Nine of his students made successful proposals but Shanaathanan is excited by how others have come from places like Puttalam, Nuwara Eliya and Ampara. This isn’t “Colombo-centric” instead it’s about new voices and unheard narratives from the “peripheries”. He credits the exposure the Mobile Library offered for drawing these artists out. “They’re producing work that is a turning point in the art history of the country,” he says, then goes on to describe the programme, rather beautifully, as having generated a “larger hope.”
Raking Leaves and its Director Sharmini Pereira planned and installed the Mobile Library at the invitation of AAA. (Sharmini, who commissions and publishes art projects has previously shepherded compelling books like ‘The One Year Drawing Project’ and ‘The Incomplete Thombu’ into collectors’ hands.) Though this project is nearly done, its legacy and their collaboration will extend through the soon to be established Sri Lanka Archive of Contemporary Art, Architecture & Design.
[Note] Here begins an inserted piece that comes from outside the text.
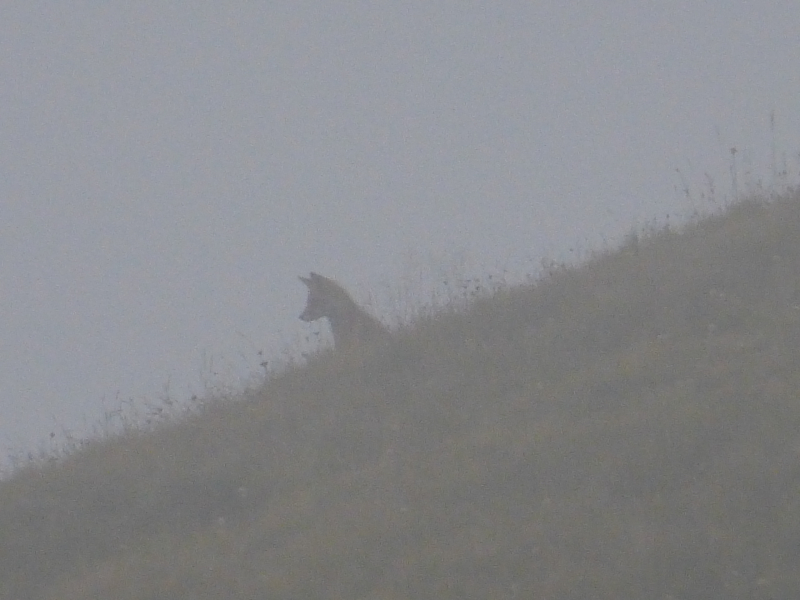We maken een wandeling naar de Bachalpsee. Op de terugweg horen we marmotten gealarmeerd krijsen. Her en der zien we ze rechtop staan. De aanleiding is een vos. Vrij snel valt een wolkendeken het dal in. In de mist lopen we terug naar de kabelbaan.

The second archive which will be presented alongside Mobile Library in Colombo is a first for Sri Lanka, Sharmini points out, explaining that after Mobile Library closes, the Sri Lankan archive will remain open – returning to Jaffna where it will be housed in an old colonial building for a year. In addition, copies of many materials collected by the Sri Lanka Archive will be donated to AAA, allowing future users of the latter to encounter more representations of Sri Lanka.
It’s quite a bit to take in but if you allow them, Sharmini and Sunila Galapatti, her part-time Assistant Director at Raking Leaves, will ask you to look most closely at the last three months the archives spent in Jaffna. “We felt that the artist scene in Jaffna was in a place where it would really benefit,” says Sharmini of their choice of location. While the AAA has travelled widely, Shanaathanan believes their decision to focus on students instead of established artists sets them apart. With students painting under trees and long classroom discussion shifted outdoors, the presence of the library inspired changes in the way standard curriculum was taught. “I had seen some of those books before, but seeing them all together was a total paradigm shift…the quality of the teaching changed” says Shanaathanan who is attached to the Art History Department at the Jaffna University and also serves as a coordinator for the art and design department there.
For Sharmini, Shanaathananan and Sunila the focus must also be on how to keep the momentum. Sharmini would like to build on the Sri Lanka archive and hopes to be able to anchor other projects in it and have it inspire artists and thinkers to initiate their own. Shanaathananan is dreaming of more contemporary, region specific books for his students and revamping the way they teach art. Still ahead is a two day programme of sessions that will bring the AAA project to a close. “We are not unambitious,” says Sunila, her eyes twinkling.